Не довольствуясь изучением французского языка, фаворит, очевидно, старался заинтересоваться произведениями искусства, которыми Екатерина любила окружать себя.

«Он чуть было не упал в обморок», – если верить словам Екатерины, – «узнав, что Гримм пропустил случай купить для него драгоценную коллекцию древних камней».[115] По-видимому, это был молодой человек заурядный, но приятный в обращении. Открытый и указанный Екатерине все тем же Потемкиным, он имел в глазах последнего то преимущество, что не предъявлял требования сверх получаемого по своему положению. Беспечный от природы, он даже у Екатерины отнимал охоту к честолюбивым планам, имевшимся у нее в виду для него. Лень, а может быть, здравый смысл, мешали ему принимать какое-либо участие в государственных делах. Его возлюбленной приходилось довольствоваться для него внешним блеском чисто декоративных должностей. Он – подобно своим предшественникам – получил чин генерала, камергера, шефа кирасирского полка и орден Полярной звезды. Екатерина поручила Храповицкому справиться, не найдется ли чего о предках Ланского в известной «Бархатной книге», заключающей в себе генеалогию дворянских родов. Но там ничего не оказалось. Деньгами, дворцами, землями и бриллиантами императрица передала Ланскому огромную сумму в семь миллионов рублей. В этом отношении отказа с его стороны не бывало. У молодого красавца были свои недостатки. Он очень любил деньги и не прочь был выпить. В современных записках сохранился рецепт придуманного им пунша, которым он часто злоупотреблял: смесь токайского вина, рома и ананасного сока. Кроме того, у фаворита была очень неприятная семья – ужасные братья, о которых Екатерина часто упоминает в своих письмах к Гримму, относящихся к этой эпохе. Императрица отправила их в заграничное путешествие и наблюдала, чтоб они не слишком безобразничали в чужих краях; сам же фаворит, отличавшийся полной беспечностью в этом отношении и вовсе не склонный к непотизму, не заботился о них ни крошки. Тяжесть падала главным образом на плечи «козла отпущения» императрицы; и ему приходилось очень трудно.

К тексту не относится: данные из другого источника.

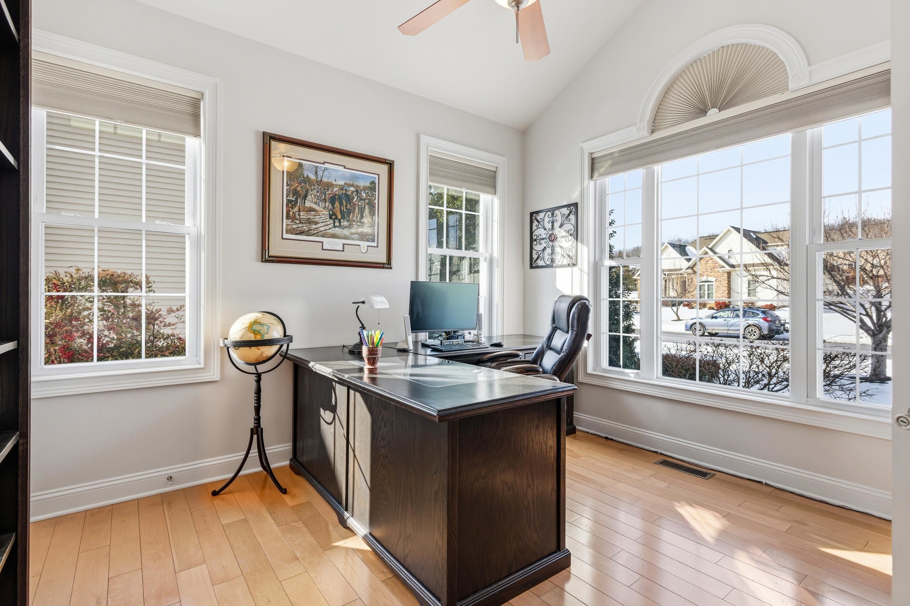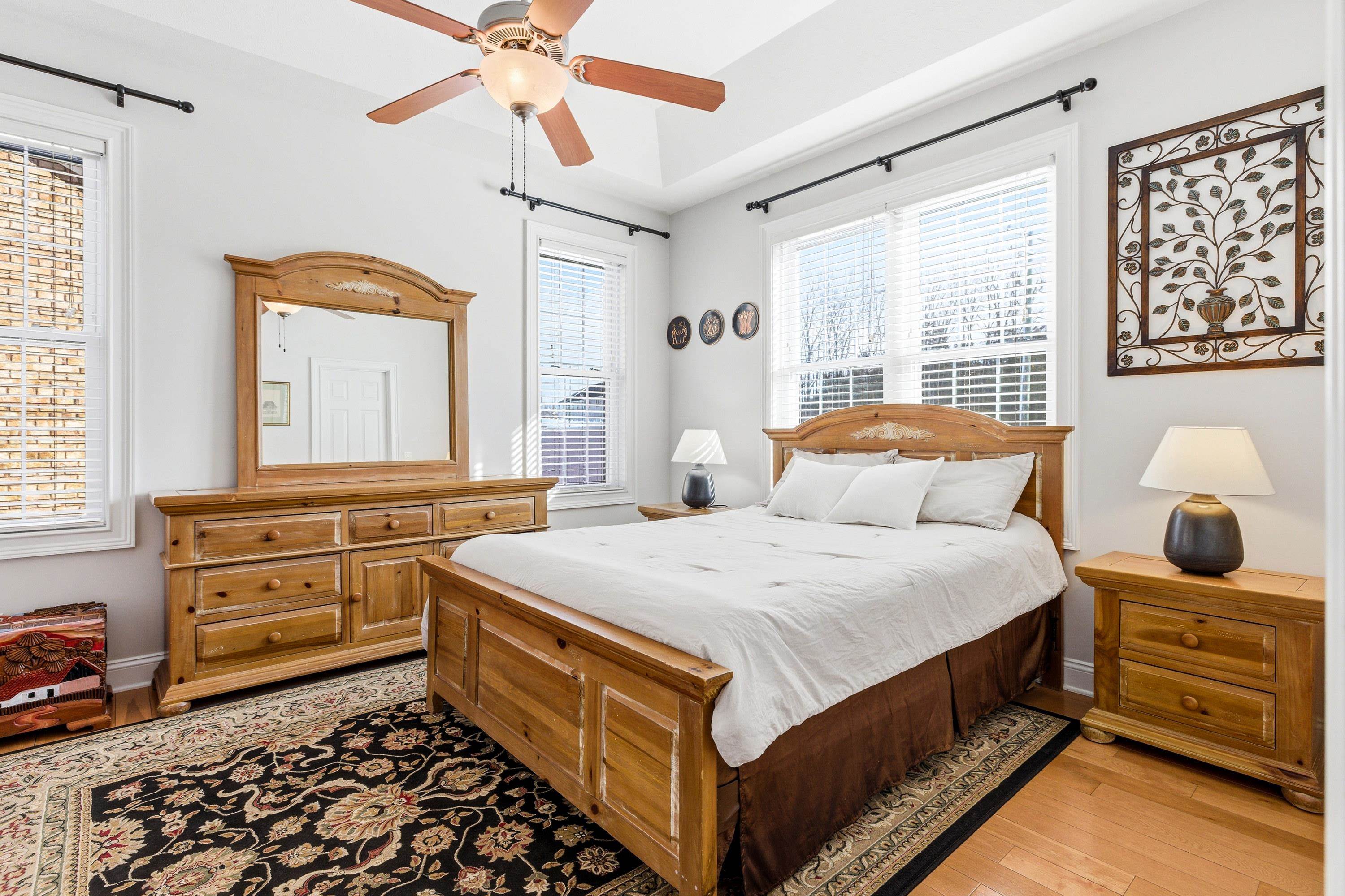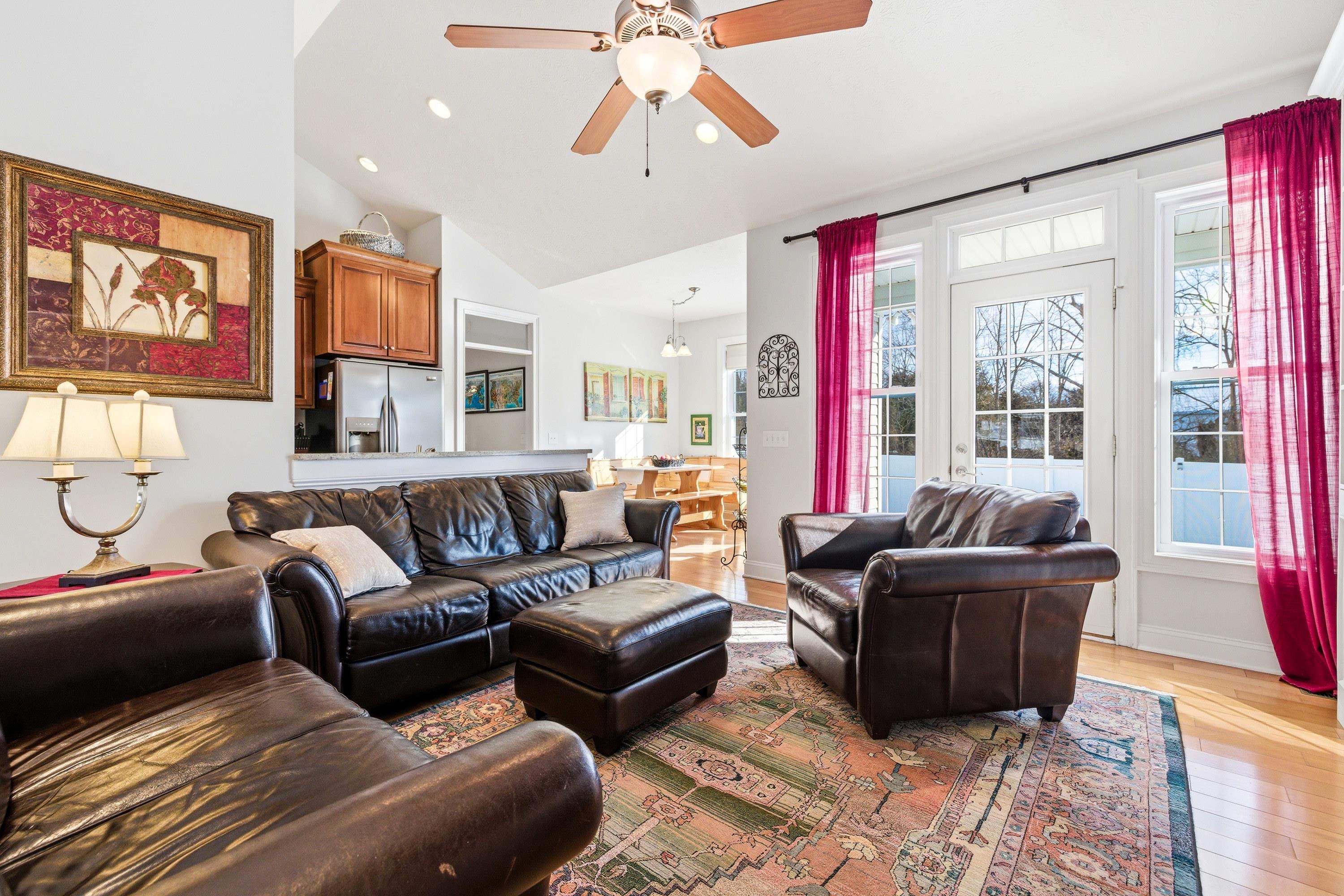 This custom-built, one-level home in Meadowbrook sits on a large, flat lot with a fully fenced backyard -- all just minutes from downtown Harrisonburg. The brick front exterior and covered back porch set the tone for the quality found throughout. Inside, the open floor plan flows effortlessly between the living, dining, and kitchen areas, with hardwood floors, high ceilings, a gas fireplace, transoms over most doors, upgraded trim, custom cabinetry, wainscoting in the dining room and ceiling fans in every bedroom and in the living room. The kitchen features a breakfast nook and stainless steel appliances. Three bedrooms and two full bathrooms are located on the main level, including the primary suite, while a fourth bedroom with its own full bathroom upstairs provides ideal space for guests or a dedicated home office. Step outside to enjoy the covered back porch and a large patio -- perfect for relaxing or entertaining in the fully fenced backyard. Meadowbrook offers 19 acres of community green space and walking trails, all within easy reach of shopping, dining, and major employers in the Harrisonburg area.

В 1782 г. он должен был обратиться к вмешательству французских властей, чтобы арестовать в Бар-ле-Дюк одного из злополучных братьев и посадить его в тюрьму, с целью разлучить с одной женщиной, с которой он спутался. В архиве Министерства иностранных дел сохранилась следы этого романа.

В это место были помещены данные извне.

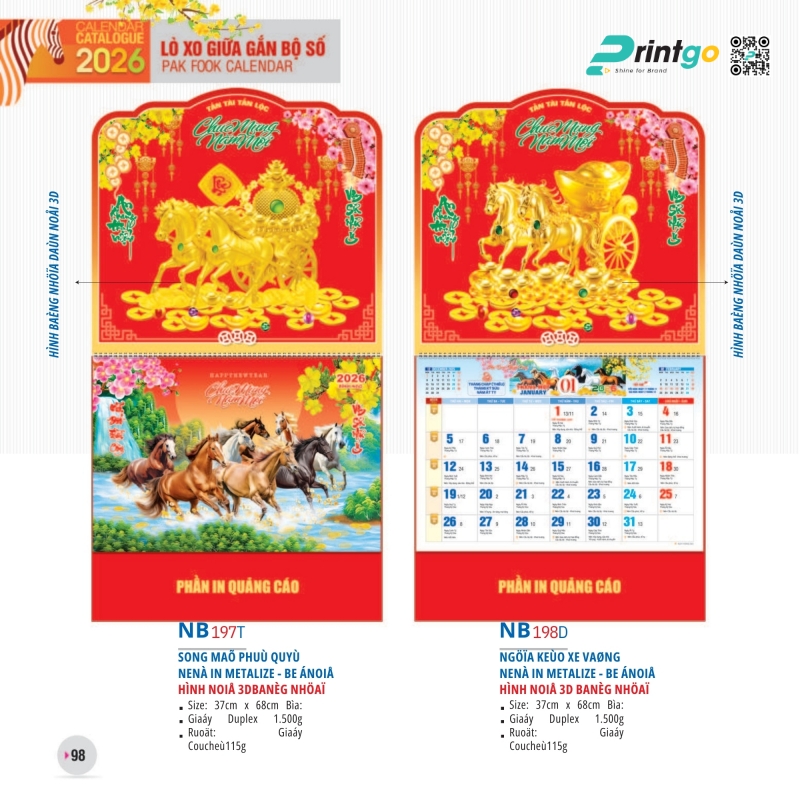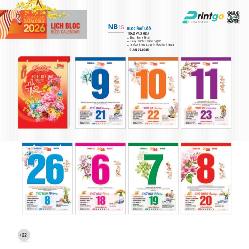 Bộ sưu tập lịch Tao Đàn 2026 không chỉ là công cụ quản lý thời gian mà còn là món quà văn hóa giàu ý nghĩa, giúp gắn kết tình thân và khẳng định dấu ấn thương hiệu. Từ lịch bloc, lịch treo tường đến lịch để bàn, mỗi ấn phẩm đều được chăm chút tinh tế, sang trọng và truyền tải thông điệp may mắn. Với vai trò phân phối chính thức, Printgo cam kết cung cấp những mẫu lịch Tao Đàn chính hãng, chất lượng cao cùng dịch vụ thiết kế – in ấn theo yêu cầu, đáp ứng trọn vẹn nhu cầu của mọi doanh nghiệp và gia đình. Hãy liên hệ ngay với chúng tôi ngay hôm nay để sở hữu catalogue lịch Tao Đàn 2026 mới nhất và lựa chọn những ấn phẩm Tết độc đáo, ý nghĩa nhất!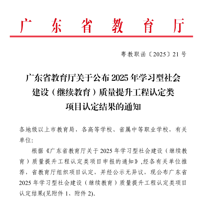 3月,根据《广东省教育厅关于2025年学习型社会建设(继续教育)质量提升工程认定类项目申报的通知》相关要求,继续教育学院组织各二级学院开展项目申报工作,并组织校外专家对6个申报项目进行指导和评审,择优推荐3个项目报送省教育厅。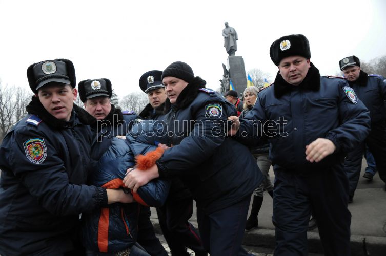 Сотрудники милиции проводят задержание женщины, которая на Евромайдане облила зеленкой оппозиционного политика Юрия Луценко и его жену, народного депутата Ирину Луценко в Харькове, в субботу, 28 декабря 2013 г. В Харькове на Евромайдане оппозиционного политика Юрия Луценко и его жену, народного депутат Ирину Луценко облили зеленкой. Луценко с женой сначала облила женщина, а еще через несколько минут попытку облить оппозиционных политиков повторил мужчина. Обоих нападавших задержали милиционеры. Люди, которые были на месте, начали требовать от работников милиции на месте составить протокол. Участники харьковского Евромайдана даже попытались прорваться к нападавшим. Произошло несколько столкновений. Фото Владимира Андреева / УНИАН

В 1784 г. фавор Ланского продолжался уже четыре года, и вопреки всем предсказаниям, по-видимому, не приближался к концу. Потемкин был доволен им, а Екатерина боготворила молодого человека.

Но ужасная болезнь сломила это прекрасное тело: скарлатина, осложнившаяся жабой, оказалась гибельной для этого истощенного организма, уже давно поддерживаемого искусственными возбуждающими средствами. В мемуарах доктора Вейкарта, одного из лечивших Ланского, есть в этом отношении указания весьма назидательные при всей их беспощадности. Но, может быть, доктор мстит таким образом за то, что ему приходилось переносить от больного. Ланской смеялся над его круглой спиной, уверял, что не может выносить его огромного носа, и подшучивал над его лекарствами. Сидя на постели своего возлюбленного, императрица забавлялась этими капризами. Что касается медицины, мы знаем, что Екатерина была скорее ученицей Мольера, чем Вольтера. Она решительно не верила в возможность серьезной опасности для здоровья, которое считала таким крепким. «Вы не знаете, какая у него здоровая натура», – говорила она Вейкарту. Немец качал головой, раздумывая про себя, что шпанские мухи, конечно, представляют собой силу природы, но силу разрушающую. Отстраняя лечение Вейкарта, Ланской принимал ухаживание своего обыкновенного врача – русского, Соболевского, и вечно пьяного камердинера, втихомолку приносившего ему вино целыми стаканами. У него было сильное воспаление горла, а он не позволял прикоснуться к себе. Болезнь усиливалась и перешла на другую часть тела – на руку. Ланской немедленно призвал хирурга и позволил прикладывать себе белила, говоря, что на этот раз вся его будущность поставлена на карту. По крайней мере, так рассказывает Вейкарт.[116]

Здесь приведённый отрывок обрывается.